▶ [Exercise data]
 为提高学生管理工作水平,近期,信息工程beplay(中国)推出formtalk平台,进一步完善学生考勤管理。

...

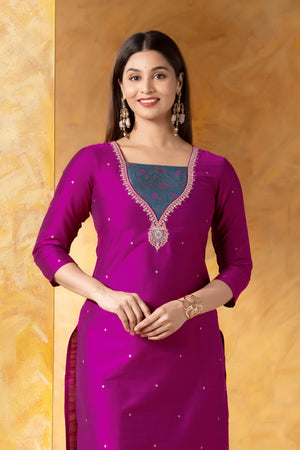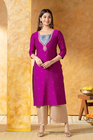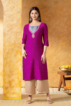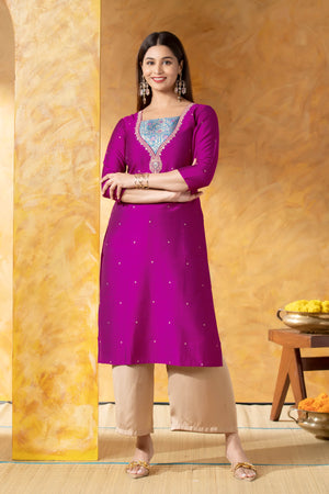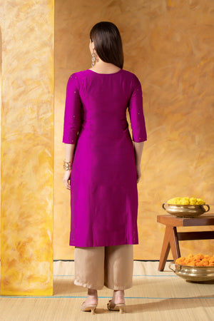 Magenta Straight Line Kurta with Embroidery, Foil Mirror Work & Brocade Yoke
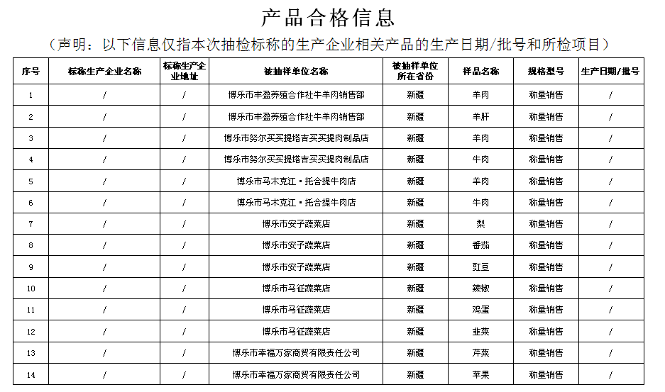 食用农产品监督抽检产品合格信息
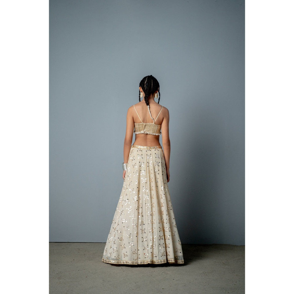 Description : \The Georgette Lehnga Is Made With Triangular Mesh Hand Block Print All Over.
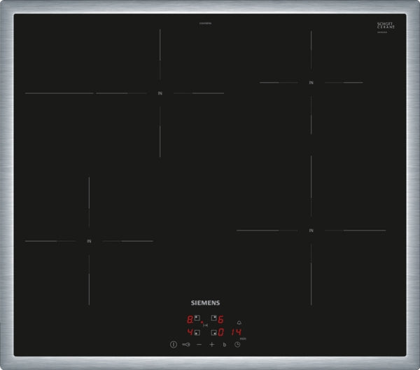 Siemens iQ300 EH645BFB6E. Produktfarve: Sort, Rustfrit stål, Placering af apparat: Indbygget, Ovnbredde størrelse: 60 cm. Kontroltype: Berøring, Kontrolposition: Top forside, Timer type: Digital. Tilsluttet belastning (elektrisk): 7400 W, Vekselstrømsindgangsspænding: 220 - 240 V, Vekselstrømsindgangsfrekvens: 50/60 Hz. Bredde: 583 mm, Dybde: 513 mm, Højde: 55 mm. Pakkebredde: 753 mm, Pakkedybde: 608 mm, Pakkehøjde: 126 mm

---

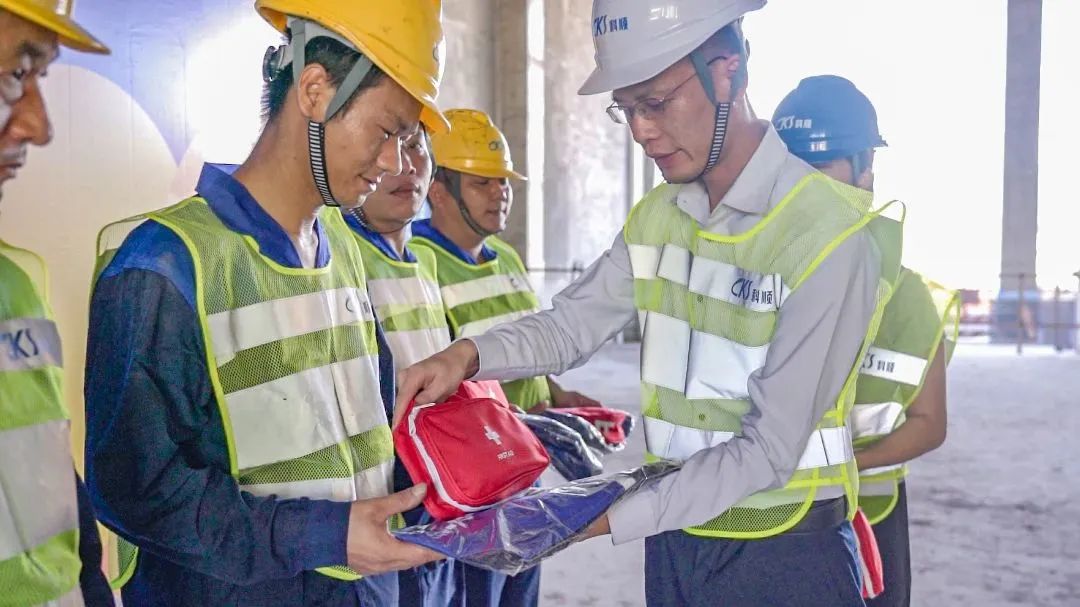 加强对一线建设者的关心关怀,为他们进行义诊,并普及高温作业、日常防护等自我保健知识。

▶ [What you will do] Reproduce exactly the lines of the data above that run from the line with "Magenta Straight Line" down to the line with "Description : \The", both ends included. Pictures do not belong in the copy.

▶ [Answer to the problem]
 Magenta Straight Line Kurta with Embroidery, Foil Mirror Work & Brocade Yoke
 食用农产品监督抽检产品合格信息
 Description : \The Georgette Lehnga Is Made With Triangular Mesh Hand Block Print All Over.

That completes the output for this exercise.